Phil and Nathan had tea with me in Cafe Diana – a culinary shrine to the late Princess of Wales, opposite the Consular Section of the Russian Embassy in London’s Notting Hill and near the brutalist Czech Embassy. It was their choice of venue. Also present was Dec Munro, one of the begetters of Angel Comedy’s Bill Murray club.

Dec has let them have an entire afternoon of six previews at the Bill Murray on Sunday 5th February – from 1.45pm to 6.00pm, unless they repeat everything twice, in which case who knows?

The logo for The Abridged Dapper Eleven-Hour Monochrome Dream Show

Publicity logo for The Abridged Dapper Eleven-Hour Monochrome Dream Show

Consignia were performing in Swansea last night. If I had been more efficient, I could have posted this blog before then to give the gig a plug.

But I wasn’t and didn’t.

At last year’s Edinburgh Fringe, I saw their show The Abridged Dapper Eleven-Hour Monochrome Dream Show twice. Well, I had little alternative. When it got to the end of their one-hour slot, they simply did the whole show again from beginning to end. When we met at Cafe Diana, Nathan was feeling ill and was very tired. Our conversation, under walls covered in photos of Princess Diana, went like this:


Phil Jarvis at the Edinburgh Fringe in 2015

Phil Jarvis at the Edinburgh Fringe in 2015

JOHN: I was surprised when you repeated the show in Edinburgh that there seemed to have been a script.

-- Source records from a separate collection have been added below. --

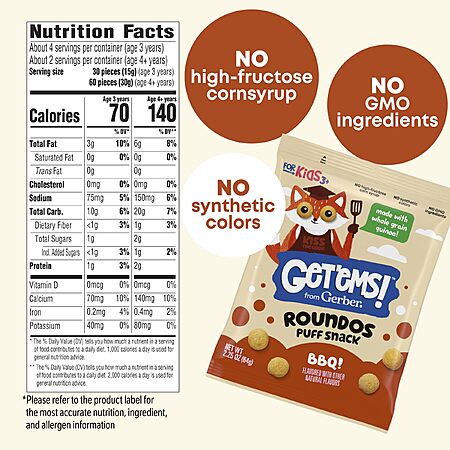 - ALL AROUND, WELL-ROUNDED YUMMY GOODNESS: Enriched with calcium and made with real whole grain quinoa, our Get'ems! from Gerber BBQ Roundos Puffs Snacks offer wholesome, tasty nutrition in every munch
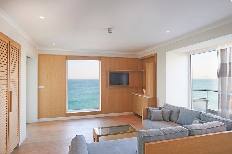 Superior Zimmer (Balkon, Meerfront): Minibar (geg. Geb.). Wasserkocher. TV, Telefon, Internet (geg. Geb.), Safe (geg. Geb.). Bad oder Dusche/WC, Föhn. Balkon. Max. 3E.
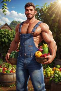 (latino man), wearing naked overalls, farming, crops, plants, greenhouse, barrels, bushels of fruits and vegetables, sunlight, (smile:0.5), dirty clothes, sweaty, looking at viewer, best quality, masterpiece, highly detailed, realistic, (detailed background), depth of field, soft focus, intricate details, 8k, cartoon, 3d, photo of a man,

NATHAN: The Leicester Comedy Festival is the last time we will do that show.

PHIL: Yeah. Saturday 25th February.

NATHAN: And, after Leicester, we will do something new for Edinburgh this year.

PHIL: At the Edinburgh Fringe, I want to do an unofficial Dinner For One tribute show. I am trying to get the smallest room I can and put a table in it with six people round it.

JOHN: Isn’t the whole point of Dinner For One that he is serving things to non-existent people?

PHIL: But you could have someone playing the tiger rug and people playing the people who aren’t there.

JOHN: This show would run the whole duration of the Fringe?

PHIL: It would be a one-off. There would be a knees-up, because that’s what the show is.

JOHN: Is it?

PHIL: I think it is, yeah. A melancholic knees-up.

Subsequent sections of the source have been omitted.